• ASSIGNED TASK: Retype, exactly and with both ends included, the lines below from the one containing "ユーザー義間さんと介助犬ロータスによるデモンストレーション(1)" through the end; omit the pictures.

• SOURCE MATERIAL:
>>>>>

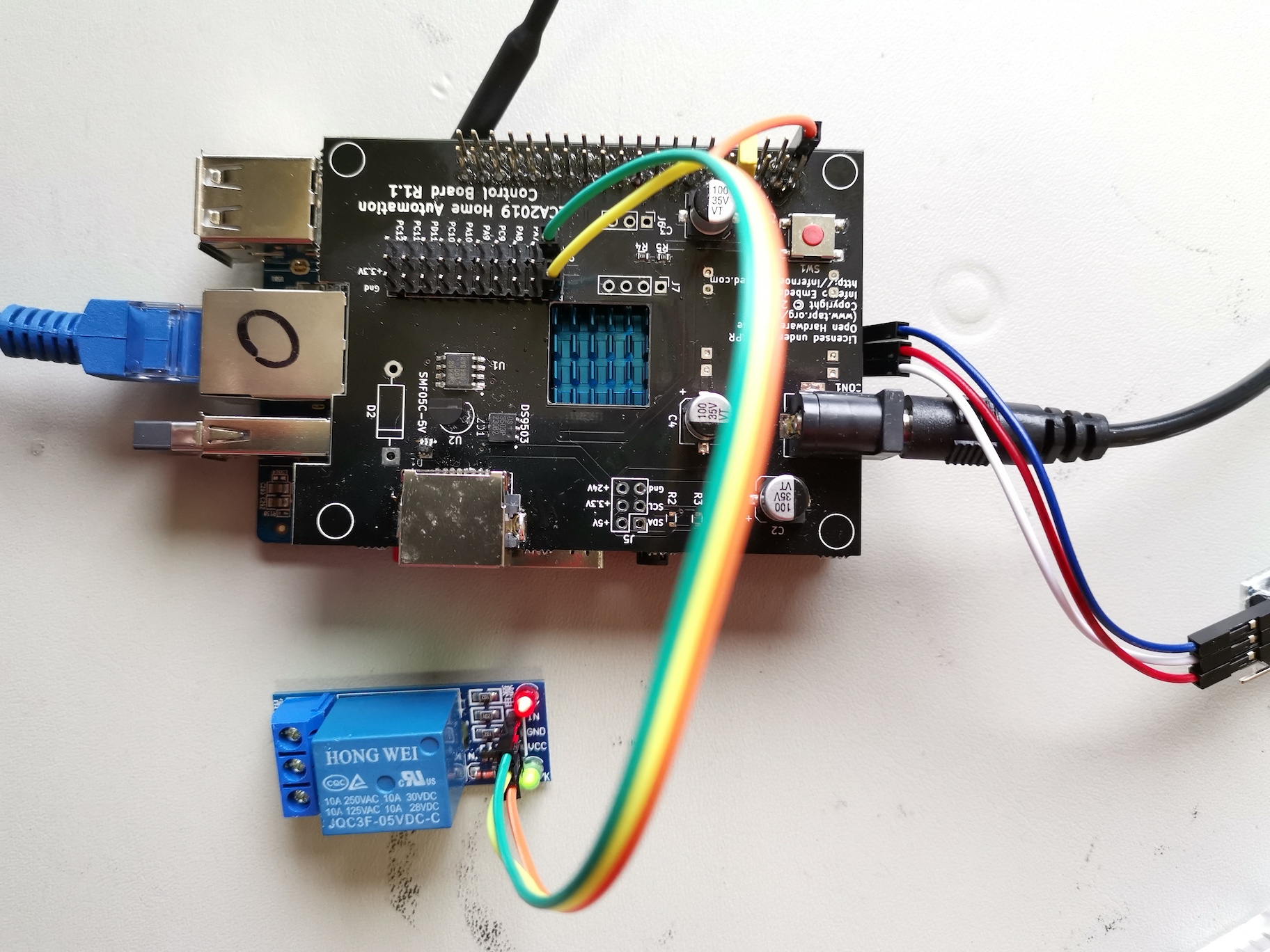 I was also a bit confused when the relay didn’t work initially, but that turns out because I’d misunderstood the wiring. The relay needs to be powered from the 3.3v pin on the 40 pin header, as there is a PCB error which puts 5v on the pins labelled as 3.3v on the GPIO header. I ended up with jumper wires which looked like this:
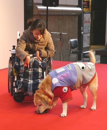 ユーザー義間さんと介助犬ロータスによるデモンストレーション(1)
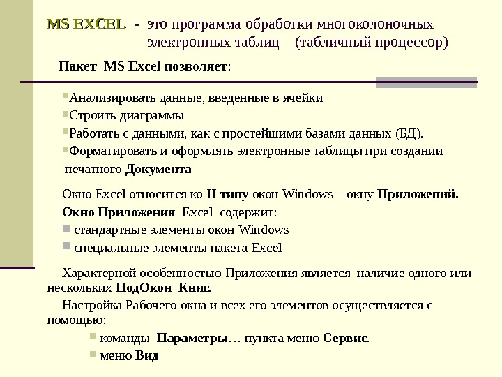 MS EXCEL — это программа обработки
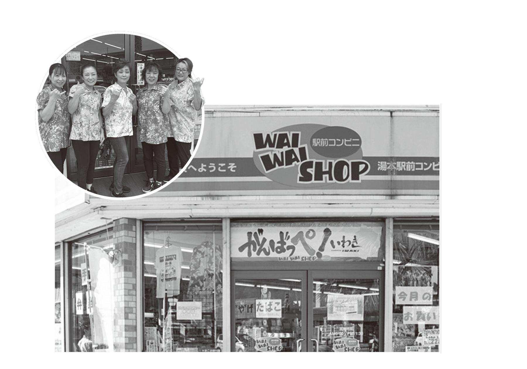 いわき湯本温泉の玄関口であるJR常磐線湯本駅前に、何ともノリの良いコンビニが。「店長の小林さんがいわきをこよなく愛し、地元を盛り上げたいと頑張っています。従業員全員がアロハシャツを着ているので、店内にいるだけでアロハな気分に」。「フラおじさんバーガー」が特に人気で、湯本のゆるキャラ「フラおじさん」がプリントされたご当地グルメはSNS映え必至!

<<<<<

• ANSWER BOX:
 ユーザー義間さんと介助犬ロータスによるデモンストレーション(1)
 MS EXCEL — это программа обработки
 いわき湯本温泉の玄関口であるJR常磐線湯本駅前に、何ともノリの良いコンビニが。「店長の小林さんがいわきをこよなく愛し、地元を盛り上げたいと頑張っています。従業員全員がアロハシャツを着ているので、店内にいるだけでアロハな気分に」。「フラおじさんバーガー」が特に人気で、湯本のゆるキャラ「フラおじさん」がプリントされたご当地グルメはSNS映え必至!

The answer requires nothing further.